As for being influenced by the label, sure. They were among the first records I bought in a recordstore, at I.F’s Hotmix store (a now defunct legendary record store in The Hague, one of the first that was specialised in Detroit techno & Chicago house in Holland) I am sure the record was P.A. Presents Flight Stimulator, I remember I also got that X101 LP on Tresor at the same time. I didn’t have a record player myself so I had to play it on my mums hifi set. I tried to get anything from that label, I would buy them without listening. My favourite and very influential, also for a lot of other people, is of course The Connection Machine stuff, especially Their Utroid Machine Missions – Dream Tec album. Very dreamy and freaky, it had a certain freedom…it sounded very DIY, raw but also sophisticated in its melodies, like it didn’t have these thirteen-in-a-dozen boring cliche 909 beats with boring structure. It showed me you could do whatever the fck you want, have a techno beat from a shitty cheap drum machine or rompler drum kit and play dreamy melodies over it without worrying too much about stuff like music theory and sounding like everyone else. And they also used quite a bit of voice samples from movies etc. Sometimes really discrete like on Evilish Cosmos and sometimes very upfront like on the Dream affected Dream track. This DIY mentality, freedom and rawness is something that at that time could be said for the whole U-TRAX label itself. Its definitely in the line of adventerous more pioneering cult labels for freaks like Irdial Discs and Rephlex.
How would you describe this compilation and what’s the overall direction you have taken?
Well, there wasn’t much to choose from really, U-Trax only did a bunch of records and there was already the first U-TRAX compilation by Detroit artist QMOOG last year. Do you know this guy he made a couple of mindblowing dark sinister techno records in the 90s on a very obscure label called Rhyhtm Tech-Sound, I think it was his own label? I am not sure but people totally slept on that back then…for people that never heard of him go check tracks like Mirabella or L-Tex its crazy out there stuff for the freaks!

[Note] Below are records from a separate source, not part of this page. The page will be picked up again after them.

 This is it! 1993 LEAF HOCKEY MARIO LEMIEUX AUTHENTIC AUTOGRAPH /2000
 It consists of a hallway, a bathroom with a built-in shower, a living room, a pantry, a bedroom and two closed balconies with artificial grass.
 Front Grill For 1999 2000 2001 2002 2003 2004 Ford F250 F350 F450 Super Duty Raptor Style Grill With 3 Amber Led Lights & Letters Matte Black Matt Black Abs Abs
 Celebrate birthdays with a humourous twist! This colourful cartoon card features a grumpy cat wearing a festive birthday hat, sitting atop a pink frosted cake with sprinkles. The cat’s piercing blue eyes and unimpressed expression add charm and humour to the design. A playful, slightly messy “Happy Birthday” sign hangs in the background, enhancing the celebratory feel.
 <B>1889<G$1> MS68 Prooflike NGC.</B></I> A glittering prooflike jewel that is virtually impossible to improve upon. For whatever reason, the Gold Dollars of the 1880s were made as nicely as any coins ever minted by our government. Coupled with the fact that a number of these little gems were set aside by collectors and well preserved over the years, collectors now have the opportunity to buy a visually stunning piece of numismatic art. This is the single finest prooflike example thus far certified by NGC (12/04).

Anyways he did the first U-Trax compilation last year and there weren’t many tracks left to choose from so I had the pick of the litter ha. But seriously the tracks that were left are among my favorites, tracks that I grew up with and I know them by heart so it was really easy. Even if there would be 1000 records in the U-Trax catalogue I would still choose these.
Having carefully selected each track, can you tell us about three or four songs in particular and the story behind choosing them?

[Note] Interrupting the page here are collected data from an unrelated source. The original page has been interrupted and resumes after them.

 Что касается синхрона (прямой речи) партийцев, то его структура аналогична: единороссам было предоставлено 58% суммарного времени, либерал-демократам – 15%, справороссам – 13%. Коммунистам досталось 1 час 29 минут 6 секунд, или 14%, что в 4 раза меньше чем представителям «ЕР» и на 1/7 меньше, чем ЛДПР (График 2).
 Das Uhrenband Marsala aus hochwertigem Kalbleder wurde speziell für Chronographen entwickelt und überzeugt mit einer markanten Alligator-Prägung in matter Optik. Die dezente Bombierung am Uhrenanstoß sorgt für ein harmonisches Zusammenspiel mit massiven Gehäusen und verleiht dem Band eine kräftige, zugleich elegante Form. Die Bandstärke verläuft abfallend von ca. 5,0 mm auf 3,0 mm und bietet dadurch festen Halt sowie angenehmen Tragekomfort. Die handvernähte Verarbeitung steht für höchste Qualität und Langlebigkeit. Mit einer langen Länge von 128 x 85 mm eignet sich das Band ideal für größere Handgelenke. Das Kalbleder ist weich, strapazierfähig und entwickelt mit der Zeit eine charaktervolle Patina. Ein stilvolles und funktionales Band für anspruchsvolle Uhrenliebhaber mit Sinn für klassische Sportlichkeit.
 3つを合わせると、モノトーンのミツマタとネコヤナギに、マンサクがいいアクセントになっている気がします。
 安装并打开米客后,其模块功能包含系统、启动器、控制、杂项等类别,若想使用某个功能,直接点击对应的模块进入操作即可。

Inventions and Diamentions – Serinity:
A hidden treasure from the mind of Kalamazoo techno pioneer Fanon Flowers. The track is so much fun, sparkling with a sinister energy that embodies a sincere ethos of techno music. An essential blueprint study track for every techno musician and fan. Far removed from the boring clinical techno that is so prevalent everywhere today. The notes seems to shift ever slightly, the synths and rhythms barely keep sync, like its held together with rubber bands and cellotape. Everything is a bit out of tune which makes the atmosphere truly otherworldly.

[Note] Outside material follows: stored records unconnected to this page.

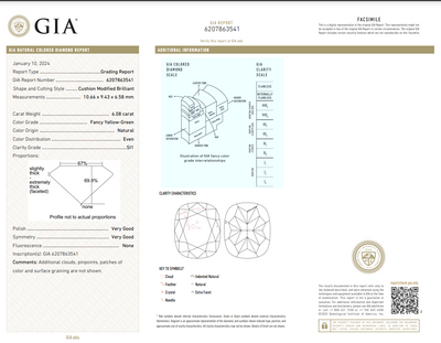 6.08ct Fancy Yellow-Green Cushion Cut Diamond Engagement Ring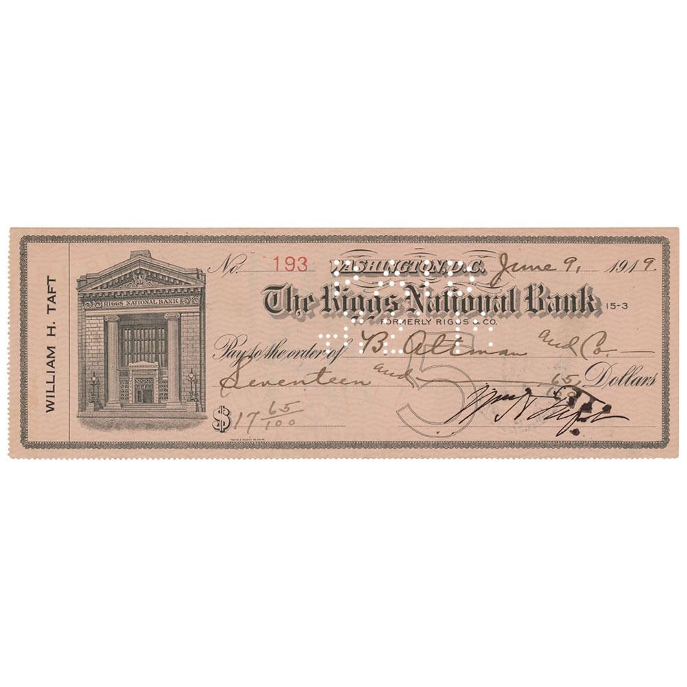 Personal check, 8.25 x 3, filled out in another hand and signed by Taft, "Wm. H. Taft," payable to the luxury department store B. Altman & Co. for $17.65, June 9, 1919. In fine condition. This post-presidency and post-war check dates to not long after his return to Yale University after taking leave to serve as co-chairman of the National War Labor Board.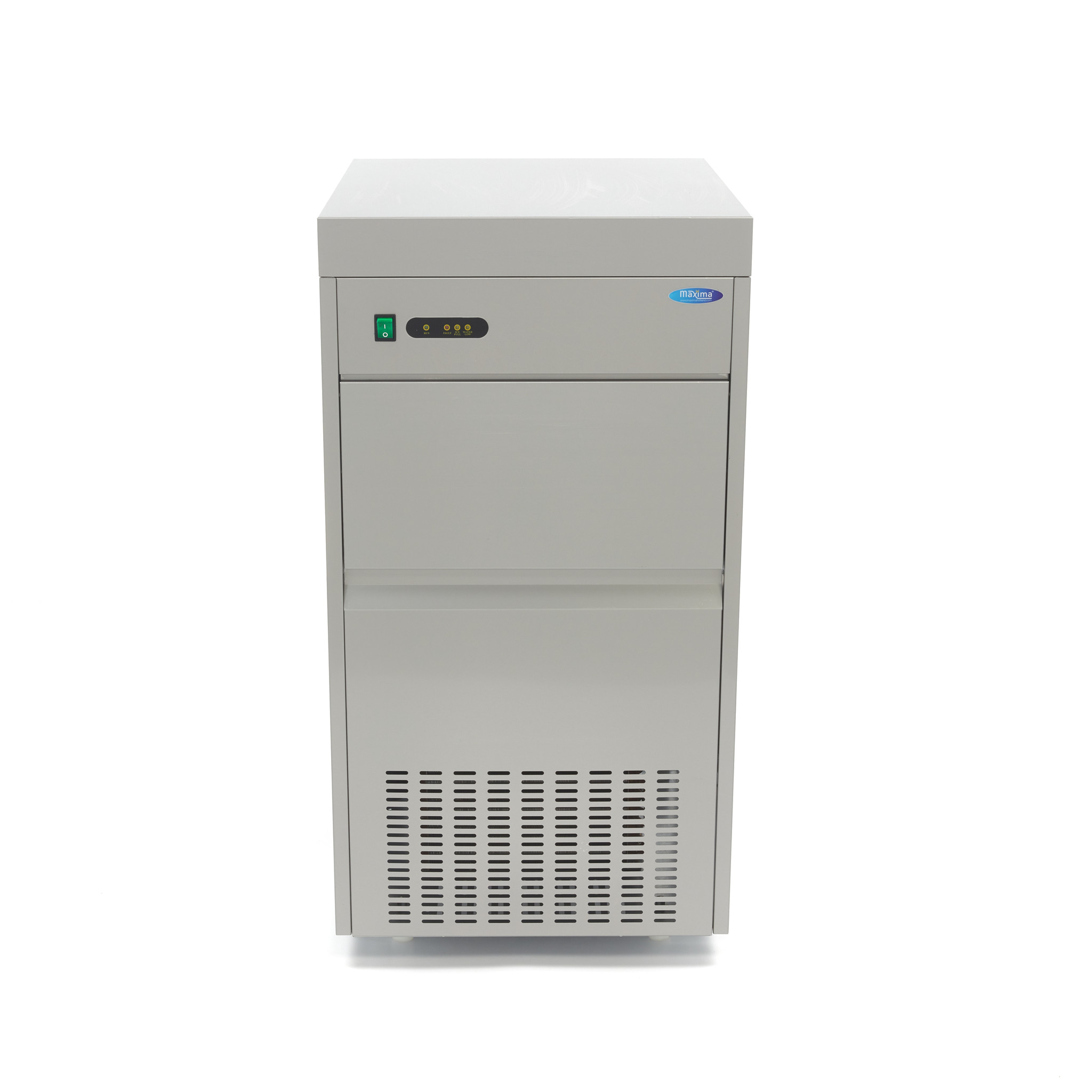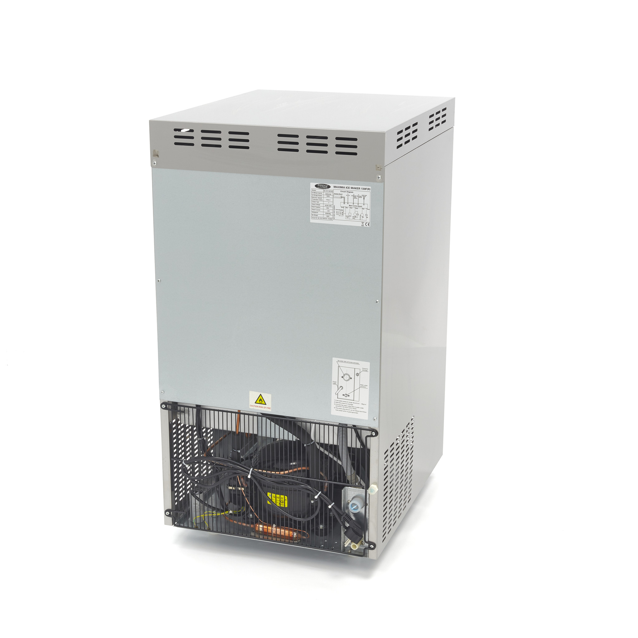 Bij het presenteren van verse producten in de koelvitrine of voor het vervoeren van etenswaren heb je grote hoeveelheden schilferijs nodig. Dankzij deze professionele schilferijsmachine produceer je dagelijks 130 kg schilferijs. Om de hele dag door vers schilferijs bij de hand te hebben, kun je 40 kg ijs opslaan in de daarvoor bestemde opslagruimte in de ijsmachine zelf. De crushed ice machine wordt geleverd met een handige ijsschep om het ijs hygiënisch uit de voorraadbak te scheppen. Dit is een undercounter model wat betekent dat de ijsmachine eenvoudig onder een counter of een werkbank geplaatst kan worden.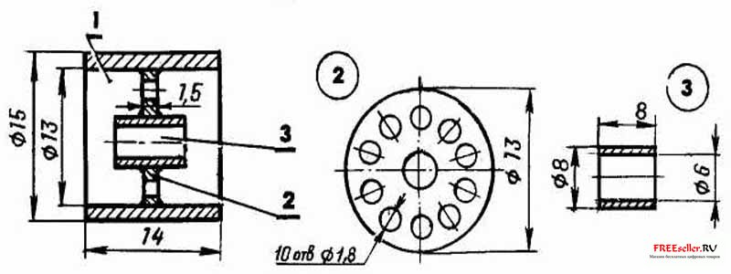 1 - трубка, 2 - звёздочка с отверстиями диаметром 1,8 мм, 3 - втулка.
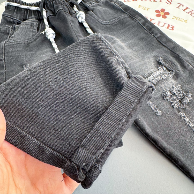 شلوار جین مام فیت زغالی بچگانه اسپرت سایز۷۰ تا ۹۵ کد ۲۷۳

The juxtaposition between the ‘serene’ sample from Steve Miller band’s space intro/ fly like an eagle , with the fantastic untamed energy of the drum machines works like a charm.
The hihats, spread like a thick gooey thick paste must go into history as one of the most smudgiest out there! I could keep on ranting how good this track is but just listen for yourself!
The Connection Machine – Echoes From Tau Ceti:
A classic from Holland’s finest techno duo Natasja Hagemeier and Jeroen Brandjes. Almost everything they made had this authentic D.I.Y dreamy poetic 1990s’ cyberpunk atmosphere to it. Like you were touching upon some cutting edge fractal virtual reality John c. Lilly dolphin floatation tank world. ‘Echoes from Tau Ceti’ has all this, with a sauce of rainy mid 90s dutch ‘joyful sorrow.’ Just listen how they could even make the most lame static synthesiser saxophone preset into something magic!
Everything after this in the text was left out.